Budget deficits bedevil nearly every state, yet six states have not raised their beer taxes in 50 years or more, according to a new interactive map published by Marin Institute called the Neglected & Outdated Beer Taxes Map. Wyoming, in fact, hasn’t raised its beer tax since 1935, when Franklin D. Roosevelt was serving his first term as president.
The six states that have not changed their beer taxes in at least 50 years are Kentucky, Louisiana, Mississippi, Pennsylvania, West Virginia, and Wyoming. Marin Institute also compared actual tax rates and the amount of real value lost to inflation, and found six more states with extremely low and out-of-date beer taxes — Georgia, Idaho, Michigan, Missouri, North Dakota, and Wisconsin — to create a list of the bottom 12 states in the nation.

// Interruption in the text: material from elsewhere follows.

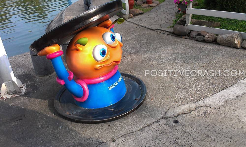 Я глубоко вдохнула 3 раза, успокоилась и настроилась, что сейчас-то через час мы точно доедем! Полуденное солнце сменялось полуденным дождем, а мы все ехали, ехали и приехали. Но не в Dream World. У водителя случились какие-то более важные дела, чем наша поездка на аттракционы, и, высадив всех пассажиров и кондуктора где-то за городом, он поехал дальше. Постояли в дружной тайском компании (как вы понимаете, русских там и в помине не было), дождались нового автобуса, в который нас погрузила кондуктор, и через еще минут 20 кондуктор номер два нам торжественно сообщил, что близится наша остановка. И вот, теоретически, мы добрались. Ан нет! Дальше нужно перейти дорогу, пройти по мостику и дойти до начала парка.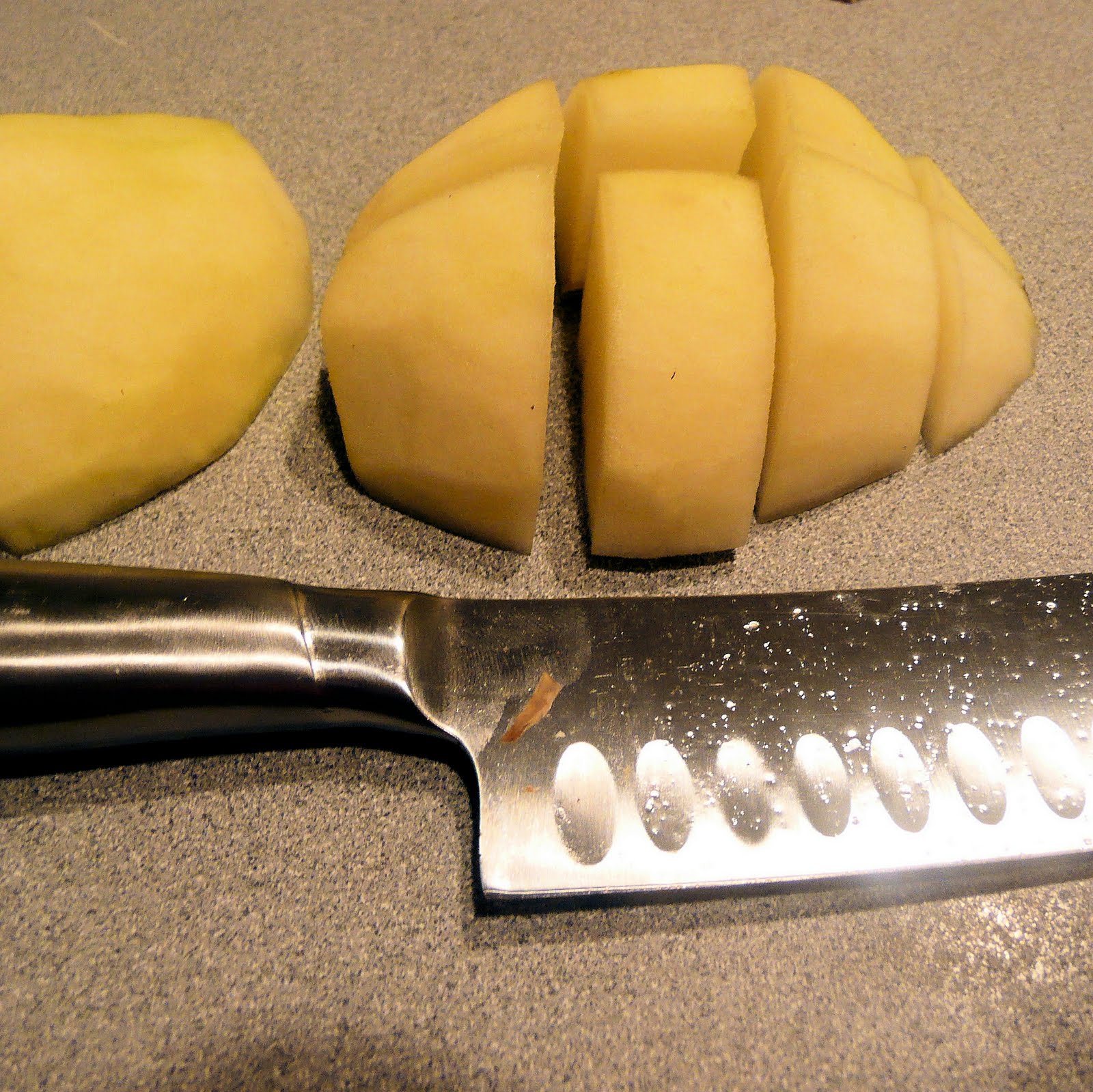 Cut in half and remove the seeds and stem. (You can use a melon baller or just a spoon)

“Just point your cursor at a state and you can see [your state’s] current beer tax rate, the year of your last tax increase, and the loss of revenue from inflation,” said Bruce Lee Livingston, CEO of the Marin Institute. “We show the twelve states that have hit the bottom of the barrel in beer tax revenues and are the most overdue for an increase.”
The problem, according to Marin Institute, isn’t just low tax rates, it’s also inflation. In 47 states, the revenue from beer taxes lost to inflation ranged from 25 percent to over 75 percent.
For example, the real value of Wyoming’s beer tax — 2 cents a gallon — has eroded by a whopping 94 percent since it was created. According to Marin, an increase of a nickel a drink in Wyoming would yield nearly $8 million in annual revenue, easily exceeding the $5 million budget shortfall projected for the state by 2013.
The solution? Marin Institute recommended that states looking for revenue consider raising their beer taxes — and indexing the new rates to inflation.
Is your state at the bottom of the “beer tax barrel”?